Sounds TOTALLY great!
Is that for real?
Umm, no.

Reality check: I used to be a nice person. Now, I am just a raging bitch who eats my feelings and can only keep it together for my patients in the hospital. But just barely.

What happened?

As my education pulled me further and further into the sterile capsule of hospital life, I slowly let go of anything extraneous. As a third year medical student, I felt that these were temporary measures, even necessary measures, that would enable me to become a better doctor in the future, because how was I going to learn if I didn't make the hospital the center of my life? As a fourth year medical student, the hospital no longer was the center of my life, and instead, I was busy learning medical Spanish, traveling abroad, and getting married. I thought that the inordinate amount of time I spent in the hospital as a third year and the intense focus on medicine was a mere hiccup, a wrinkle in time, not the norm. Fourth year of medical school was so different from the previous year that I thought--being a doctor is great! I get to have fun and take care of my patients!

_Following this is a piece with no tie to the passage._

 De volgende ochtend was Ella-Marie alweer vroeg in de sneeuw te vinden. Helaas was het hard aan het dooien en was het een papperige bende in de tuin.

Now I realize that fourth year was actually a departure from the norm. I should have sensed that perhaps my relationship with medicine was not a healthy one. For example, for our honeymoon, I dragged my husband to Washington, D.C., where I was presenting a poster on my research at a national conference. Granted, both of us were broke and literally had no money to our name after renting our tiny apartment and couldn't go anywhere fancy for our honeymoon, but still, I left my husband for 4 hours alone on our honeymoon while I attended a medical conference. (Honestly, he was less trauamatized by that than the giant orphaned dogs who shared our breakfast space with us in our cute inn--he is not a dog person.)

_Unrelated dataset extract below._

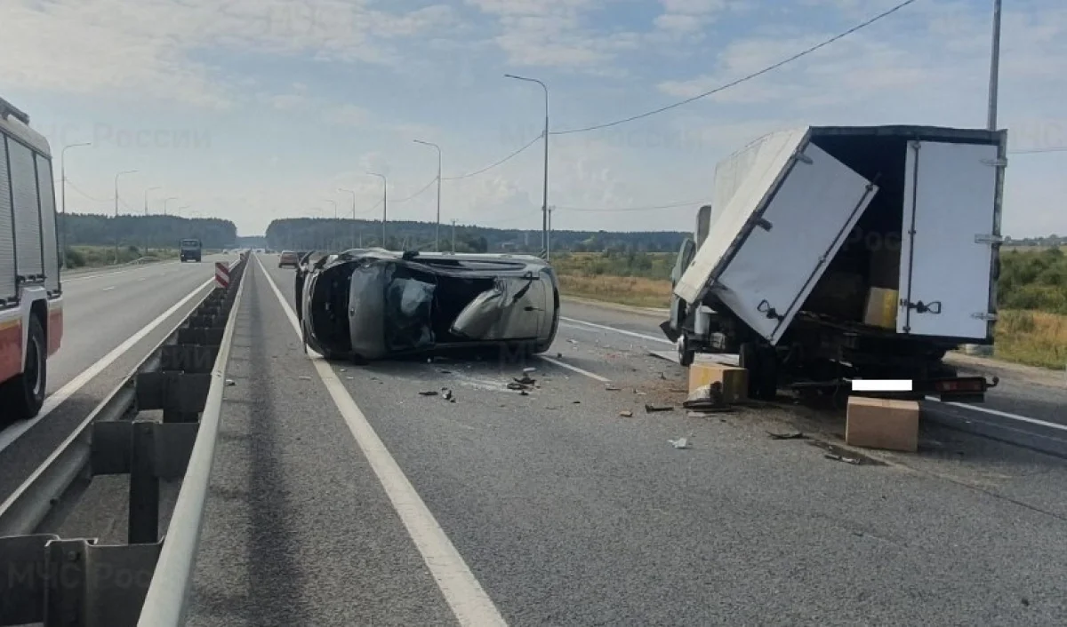 На окружной дороге в Калуге «Киа» перевернулся в массовом ДТП

To clarify: spending a LOT of time in the hospital is normal and actually necessary in order to learn how to practice medicine and to take care of patients. Patients need continuity in their providers, and to be fair, I am only working 80 hours a week, which is significantly less than my predecessors were working just 10 years ago. I am thankful that the regulations have changed, but in practical terms, does this mean anything at all?

A 2004 study titled "The Effect of the 80-hour workweek on resident burnout" published in the Archives of Surgery arrived at the following conclusion: "Despite successful reductions in resident work hours, measures of burnout were not significantly affected."

And burned out is what I feel. It is such a relief to be able to write this, so therapeutic to be able to verbalize it. I couldn't verbalize this even one year ago, but I came to the realization that this constant fatigue, this indulging in retail therapy or food therapy, the lack of reflection, everything I and my co-residents have felt--none of this is normal or healthy. And the only reason I could arrive at this conclusion was because as a third year in my program, I was able to take a research elective and leave the hospital for 6 weeks. Signing over my pager as "not available" with no end date was incredibly liberating. The 6 weeks allowed me to read, bake, cook, and travel. I felt like myself for the first time in years and even took my first spontaneous trip alone in 5 years(I ate my way through the city of Paris). For the first time in 3 years, I had enough free time that I felt bored! Boredom was a gift.

Then I returned to the hospital, and it was as though those 6 refreshing weeks had never existed. The problem is that it is not just the sheer number of hours you spend in the hospital--it's what happens there.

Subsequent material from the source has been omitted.